• Instructions for the task: Give back the records that follow exactly, images excluded.

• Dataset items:
┌──

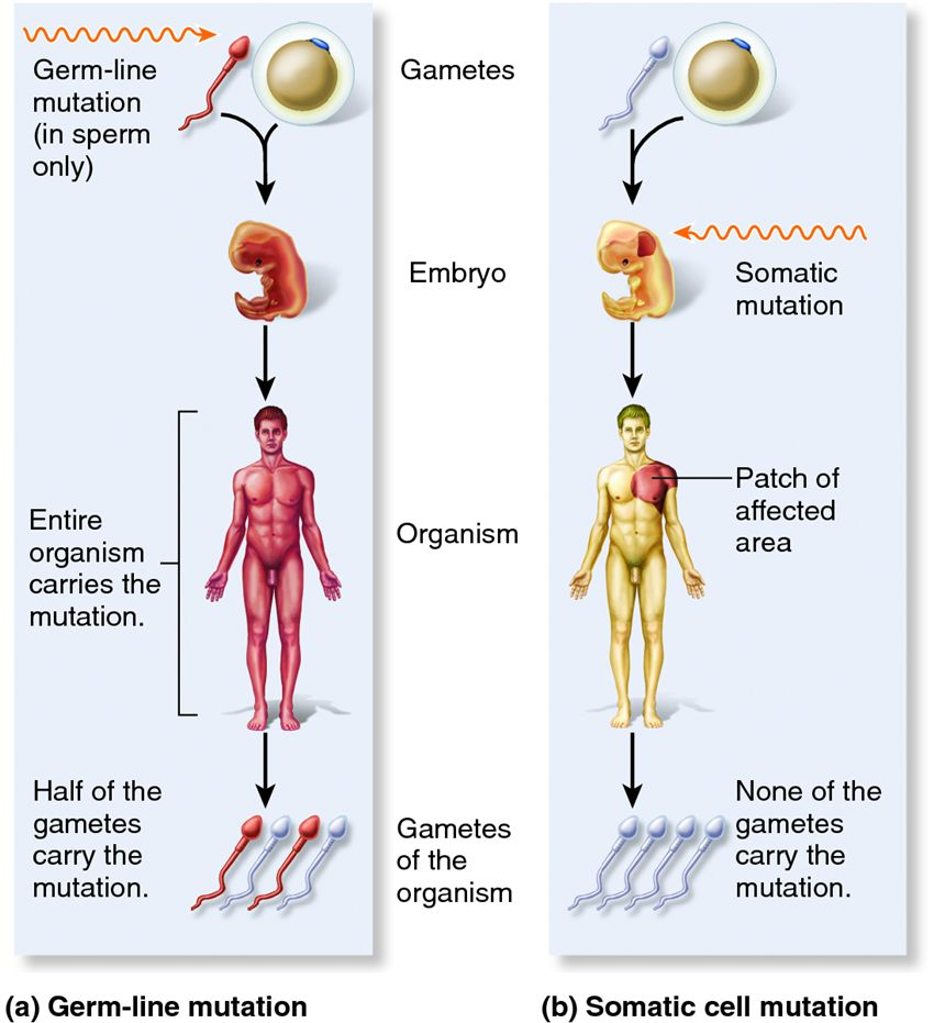 - Depende do tipo de célula em que a mutação ocorre
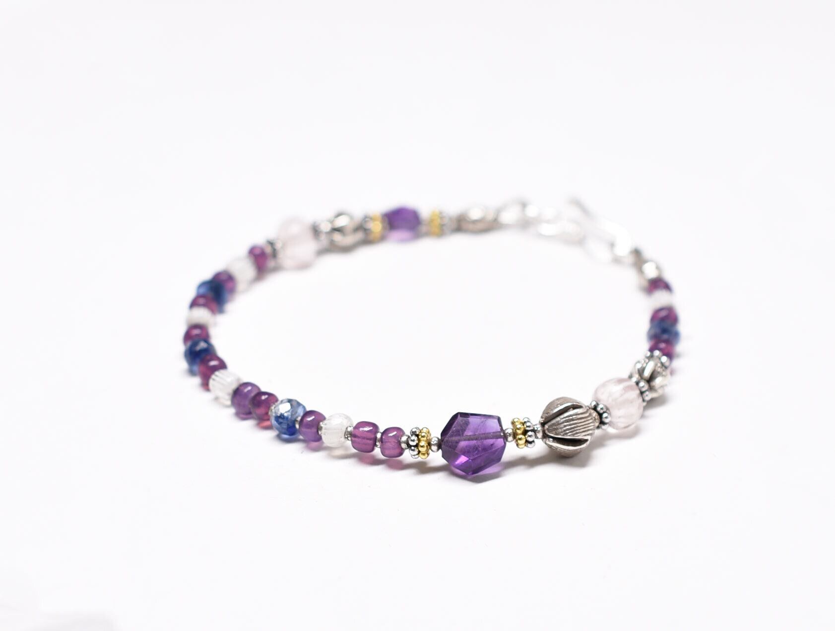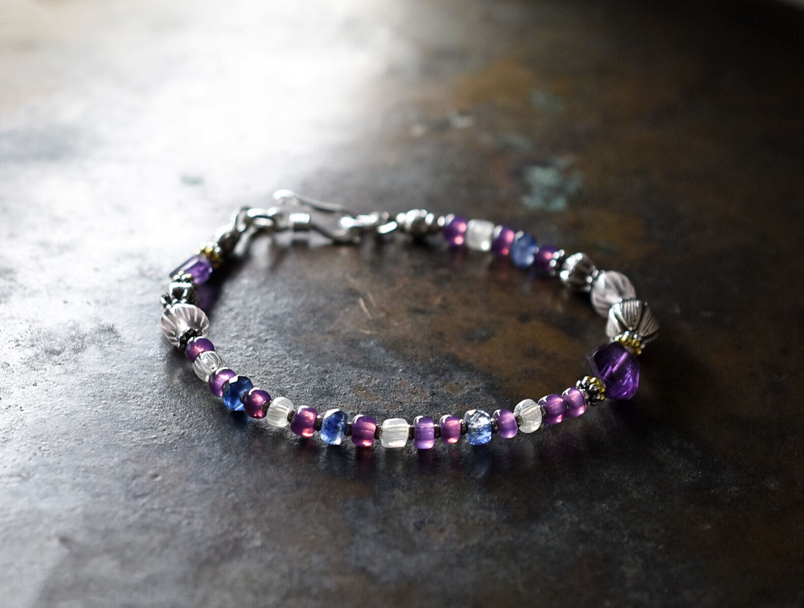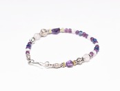 アメジストとカレンシルバー、グーズベリー、すみれ色フランスヴィンテージビーズ、カイヤナイトを繋いだブレスです。
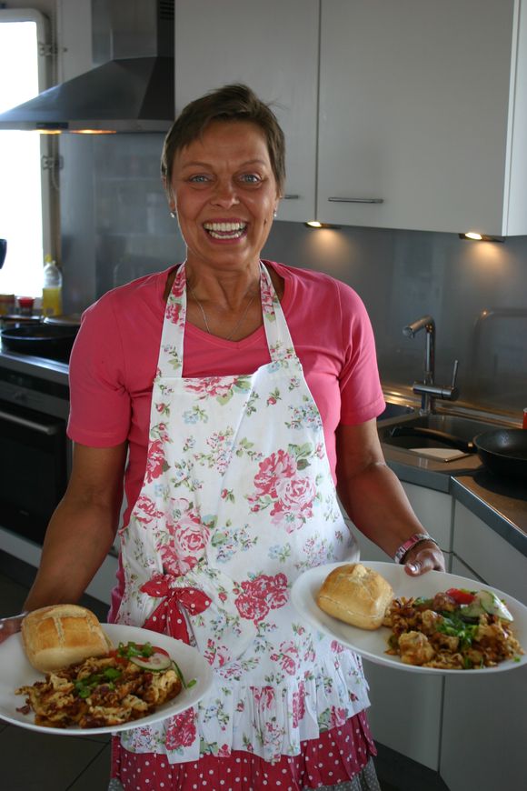 Bild: Deftig: Jutta Steffen serviert Rührei auf Speck.
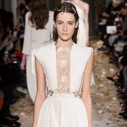 Whether you’re recently engaged, hoping a proposal is on the horizon (ahem, Valentine’s Day) or simply love gushing over wedding dresses, the Spring 2016 Couture runways are a bridal gold mine. Use these breathtaking looks to cop styling tricks (see Valentino’s body jewelry) and subtle color choices (like Ulyana Sergeenko’s pale violet) for your own dream ensemble. After all, couture is high art, and nothing less will do for your big day.
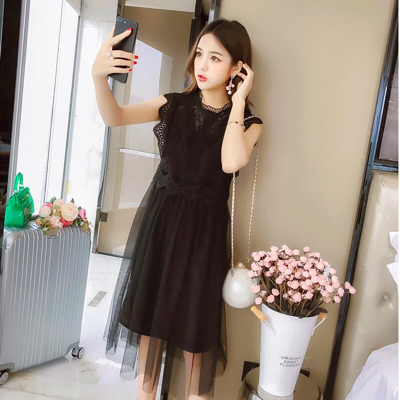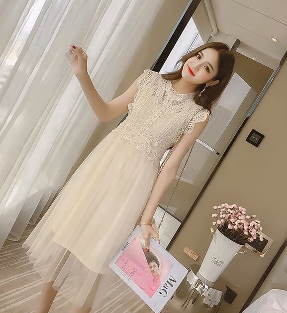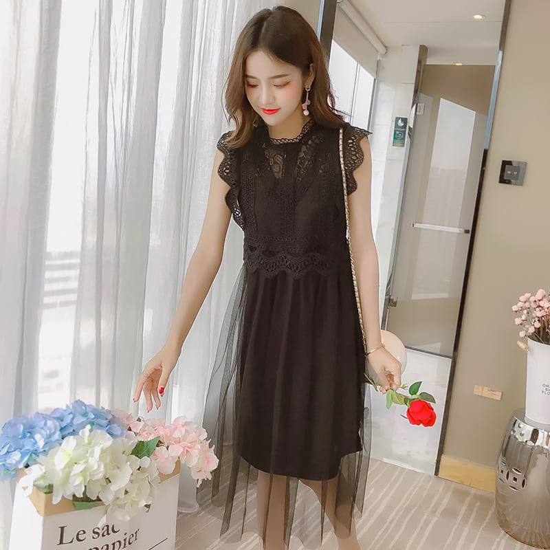 全2色 ワンピース レース ドレス フレア チュール ノースリーブ シースルー ボトルネック ミモレ丈 ガーリー 可愛い カジュアル きれいめ 上品 きれいめ お呼ばれ 女子会 デート 夏
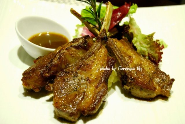 扒烤谷饲新西兰羊排佐迷迭香红酒汁,羊排烤得很够火侯,羊肉的品质也是相当棒,羊味实足。。。
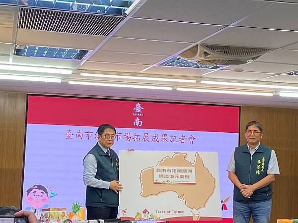 台南市長黃偉哲今(23)日於永華市政中心出席「澳洲食品展暨拓銷成果發布記者會」,他表示這次台南首次組團前往澳洲參展,不僅在布里斯本、黃金海岸及雪梨展現台南農特產的魅力,更成功打開市場通路,創造破億元訂單佳績。黃偉哲指出,雖然台南部分農產品因氣候影響產量減少,但展會成果顯示國際市場需求強勁,未來若遇盛產,將不必再擔心缺乏銷售管道。
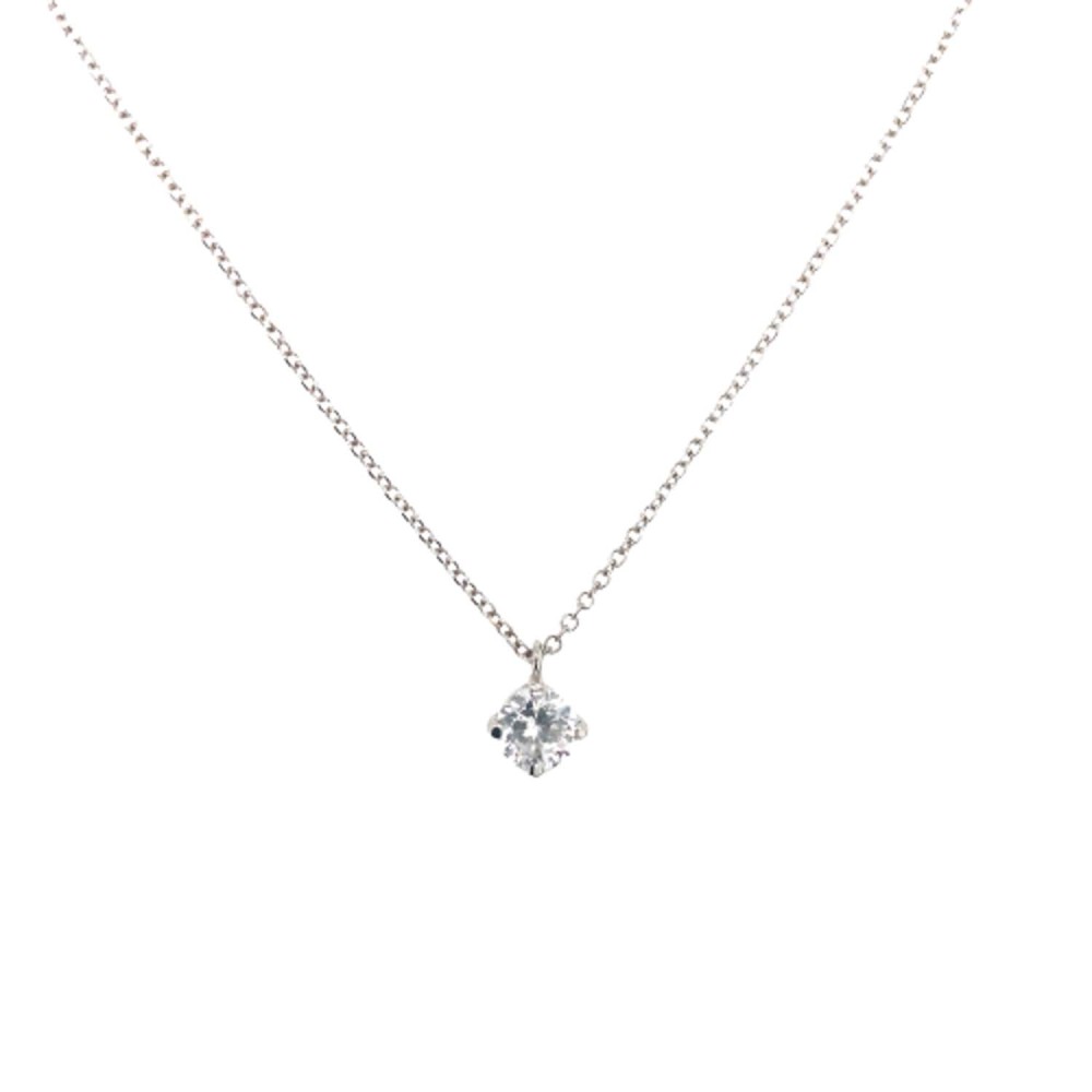 Μενταγιόν μονόπετρο από λευκόχρυσο 14Κ με λευκό ζιργκόν σε καστόνι με τέσσερα δόντια.

└──

• Task output:
 - Depende do tipo de célula em que a mutação ocorre
 アメジストとカレンシルバー、グーズベリー、すみれ色フランスヴィンテージビーズ、カイヤナイトを繋いだブレスです。
 Bild: Deftig: Jutta Steffen serviert Rührei auf Speck.
 Whether you’re recently engaged, hoping a proposal is on the horizon (ahem, Valentine’s Day) or simply love gushing over wedding dresses, the Spring 2016 Couture runways are a bridal gold mine. Use these breathtaking looks to cop styling tricks (see Valentino’s body jewelry) and subtle color choices (like Ulyana Sergeenko’s pale violet) for your own dream ensemble. After all, couture is high art, and nothing less will do for your big day.
 全2色 ワンピース レース ドレス フレア チュール ノースリーブ シースルー ボトルネック ミモレ丈 ガーリー 可愛い カジュアル きれいめ 上品 きれいめ お呼ばれ 女子会 デート 夏
 扒烤谷饲新西兰羊排佐迷迭香红酒汁,羊排烤得很够火侯,羊肉的品质也是相当棒,羊味实足。。。
 台南市長黃偉哲今(23)日於永華市政中心出席「澳洲食品展暨拓銷成果發布記者會」,他表示這次台南首次組團前往澳洲參展,不僅在布里斯本、黃金海岸及雪梨展現台南農特產的魅力,更成功打開市場通路,創造破億元訂單佳績。黃偉哲指出,雖然台南部分農產品因氣候影響產量減少,但展會成果顯示國際市場需求強勁,未來若遇盛產,將不必再擔心缺乏銷售管道。
 Μενταγιόν μονόπετρο από λευκόχρυσο 14Κ με λευκό ζιργκόν σε καστόνι με τέσσερα δόντια.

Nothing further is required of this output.